It should be apparent that we like to use data sets found in Kaggle. If you are not familiar with Kaggle, you should check out their website to peruse the thousands of great datasets available for free to play around with.
In this 5 Minute Analysis of the Kaggle Retail Data Analytics we explore historical sales data for 45 retail locations. In addition, we join two related supplementary data files to the main sales data file to dive into the relation between store type, fuel prices, and other indicators and how they might affect average weekly sales.
1. Load the Data and View its Structure
In this example, the steps for loading data is a little different from our previous posts because we are joining two supplementary data files to the main data set. The steps to follow are:
- Download and unzip the data onto your machine and access the Pivot Billions UI on your browser.
- Click the Add (+) icon from the data loader screen and select Drag & Drop.
- Drag your downloaded Features data set.csv, sales data-set.csv, and stores data-set.csv files to the Drag & Drop box in Pivot Billions.
- Select the left checkbox (Main) next to the sales data-set.csv file and the right checkbox (Join) next to the Features data set.csv file and the stores data-set.csv file.
- Click Column Preview at the top of the screen.
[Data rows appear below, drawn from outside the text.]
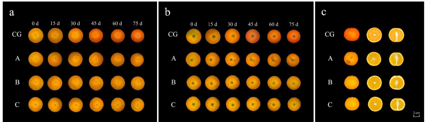 Abstract:Thisstudyaims toexplortheefectsofdiferentlow-temperaturepreservationtechiquesonthequalityofpostharvest Bingtang oranges.Bingtang oranges from Mayang Wereusedas the experimental materials and subjected toconventional lowtemperaturepreation(CG),owtmperaturepreseatioobieditig-vagelectricfeldtratmet(A)frgt preservation(B),andfreeingpoitpresevationcombinedwithigh-voltageelectricfeldtreatment(C).Thefruitcolo,ightlos rate,decayate,ardessfavoandutrientcntetweremeasudwitin5daysofsorage.Thesultsaresummaedfollos. (1)CG treatmentwasonlysuitableforshort-termstorage.Thefruits treatedwithCGfor75daysshowedadarkenedandredishfruit color, a cumulative weight loss rate of 17.26% ,a cumulative decay rate of 14% ,and a VC loss rate of 39.1% ,which indicated poor storagequality.(2)AandCtreatmentsbasicallymaintaedteualityandfavoroftefruitsuringthestorageperiod,hileboth treatmentsshowed fruitskin browningatthelate stageof storage,whichresulted inadeclineincommercial value.WhenAand C treatmentsarsedforlongtestorage,itisecssytooptizeteparametersadselectanappopateelectricfeditesity (3)The Btreatmentservedastheoptimalsolutionforlong-temstorage.It maintainedthefruitappearanceandcolor,ihibitedthe weightlossanddecayeptfruithrdessandfavor,andrducedutrientlossuringthestorageperiod,demonstratigtebest comprehensive performance.This treatmentcandelaythefruit damageand prolong theshelf ife,therebymaintainingthecommercial value of fruits to the maximum extent.
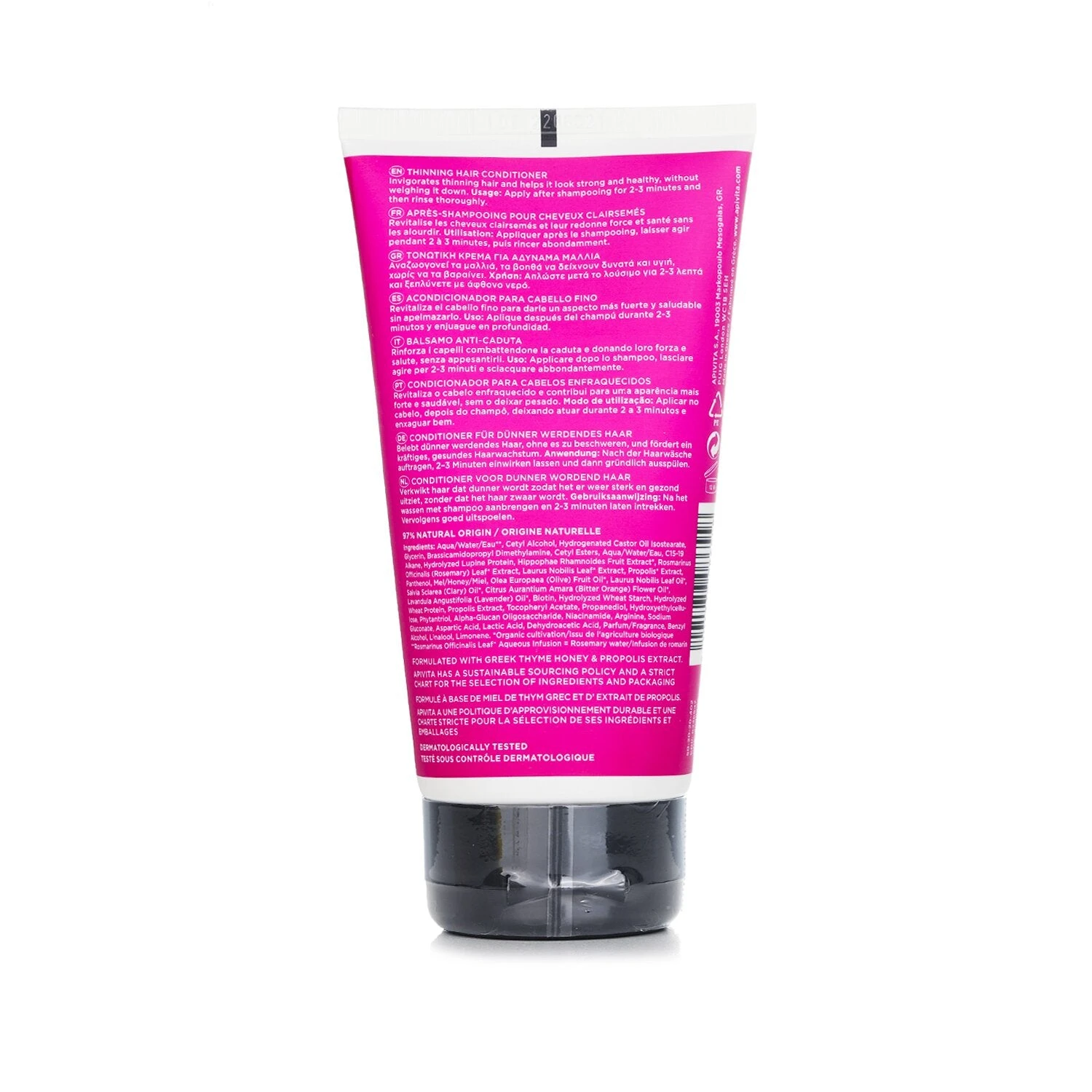 A strengthening, volumizing & anti-hair loss conditioner for thinning hair Offers prevention & treatment of seasonal or hereditary hair loss Developed with a rich formulation with 97% natural origin ingredients Contains APISHIELD HS to protect hair from external stressors (air pollution & styling), prevent breakage & split ends Blended with Hippophae TC & lupin proteins to strengthen hair Infused with laurel, thyme honey & Greek olive oil to hydrate & nourish hair Replaced water with a tonic & anti-ageing infusion of Greek organic rosemary Revitalizes hair & lifts the mood with a unique blend of laurel, rosemary, lavender, sage & neroli organic essential oils Detangles hair & offers volume without weighting it down Promotes healthy hair growth effectively Leaves hair smooth, shiny & strong Dermatologically tested & suitable for homeopathy
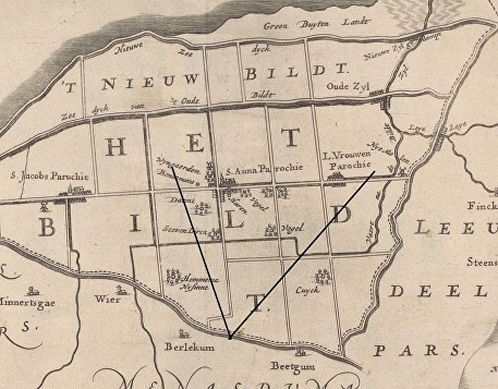 Fig.a. Attributed to Jacob van Meurs, The District of Het Bildt, with Sint Annaparochie in the centre, 1664. Engraving, 284 x 375. NL Amsterdam, Rijksmuseum

The resulting preview will show the column labels and data types for both the main dataset and the data we are joining to it.
- Pivot Billions automatically will find common keys between the data sets which are identified by the Key symbol next to column labels. You can modify keys here if you want, but for this example you can just use the ones selected as is.
- Click Import at the top of the screen to load your data into the Report UI.
2. View and Explore the Data
After the data has been imported, we can see a total of 421,569 rows. This contains the data and features from each of the three separate data files from our original dataset. We did some preliminary exploration by sorting data to find highs and lows as well as selected the Distribution option to see the distribution of data based on data column.
3. Pivot and Report the Data
Next we used the Pivot tool to do some quick analysis of a single dimension's relationship to total and average weekly sales. The basic steps are:
- Select and open the Pivot tool and then select a Dimension like IsHoliday or Temperature for the pivot table.
- Select Weekly Sales as our Value and click View.
- In the resulting table, select the Pivot View option and then drag and drop the dimension we want to analyze into the columns area.
- Change the visualization to Table Barchart and then select the data Summation option to see the effect of the dimension on total Weekly Sales.
- Next change from Summation to Average to see effect on average Weekly Sales.
We did this same type of analysis for a few other dimensions which you can see below. We chose the Bar Chart visualization for these.
Store Type -Total
Store Size - Total
CPI - Total
Store Type - Average
Store Size - Average
CPI - Average
We are able to see that the CPI (consumer price index) and the IsHoliday dimensions affect total sales but have less of an effect on average sales. The Store Type and Store Size, however, seem to have a stronger correlation to both the total and average weekly sales.
In five minutes, we were able to run these as well as similar pivot charts using Temperature and Unemployment dimensions. These last two did not show a very strong correlation to total or average weekly sales. The next steps if we wanted to dive deeper would be to try to use two or more dimensions and see how they might relate to sales behavior. It would be a good idea to set some filters to better manage the size of the analysis.